- Nano Express
- Open Access
Capacitance-Voltage Characteristics of Thin-film Transistors Fabricated with Solution-Processed Semiconducting Carbon Nanotube Networks
© Cai et al. 2015
- Received: 20 May 2015
- Accepted: 2 July 2015
- Published: 15 July 2015
We report the capacitance-voltage (C-V) measurements on thin-film transistors (TFTs) using solution-processed semiconducting carbon nanotube networks with different densities and channel lengths. From the measured C-V characteristics, gate capacitance and field-effect mobility (up to ~50 cm2 V−1 s−1) of the TFTs were evaluated with better precision compared with the results obtained from calculated gate capacitance. The C-V characteristics measured under different frequencies further enabled the extraction and analysis of the interface trap density at the nanotube-dielectric layer interface, which was found to increase significantly as the network density increases. The results presented here indicate that C-V measurement is a powerful tool to assess the electrical performance and to investigate the carrier transport mechanism of TFTs based on carbon nanotubes.
- Carbon nanotube network
- Thin-film transistor
- Gate capacitance
- Interface trap density
Owing to its extremely large carrier mean free path and high mobility, semiconducting single-wall carbon nanotube (sSWCNT) is considered as one of the promising candidates for beyond-silicon electronics [1–3]. However, despite the tremendous progress made in individual sSWCNT electronic device and circuit research, scalable fabrication and integration of large quantities of devices with uniform performance remain to be greatly challenging, largely due to the structure heterogeneity of carbon nanotubes and difficulties in assembling them with nanoscale precision . On the other hand, using random networks of carbon nanotubes for applications in thin-film transistors (TFTs) has recently shown great promise.

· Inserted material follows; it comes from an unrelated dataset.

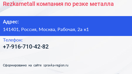 Rezkametall, компания по резке металла по адресу 141401, Россия, Москва, Рабочая, 2а к1 в дальнейшем Организация, размещена в следующих категориях: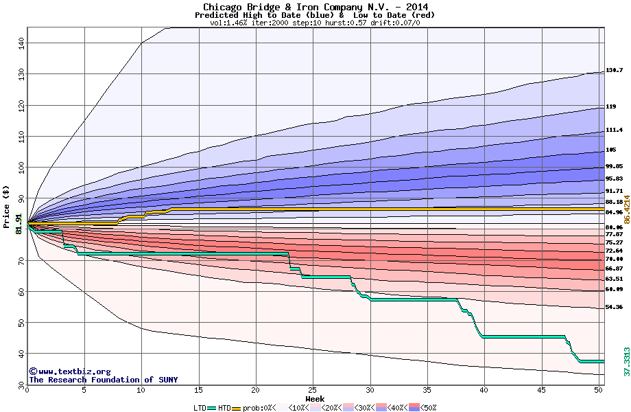 The high to date and low to date prices of the stock plotted against a random walk model for 2014 (what's this?).

Such devices offer mechanical flexibility and optical transparency and can be easily fabricated in a scalable fashion with far superior device performance and long-term air-stability compared with amorphous silicon or organic semiconductors [5–11]. Among various approaches used for assembling random carbon nanotube networks, solution-processed semiconductor-enriched carbon nanotubes possess additional advantages of low-cost and room temperature processes [6, 8–10, 12]. With the ongoing pavement towards reliable dispersion of longer nanotubes with higher purity separation process , large-scale, high-performance, flexible carbon nanotube TFTs have already found wide applications in compliant integrated circuits, organic light-emitting displays, and electronic skins [5, 9, 11, 14].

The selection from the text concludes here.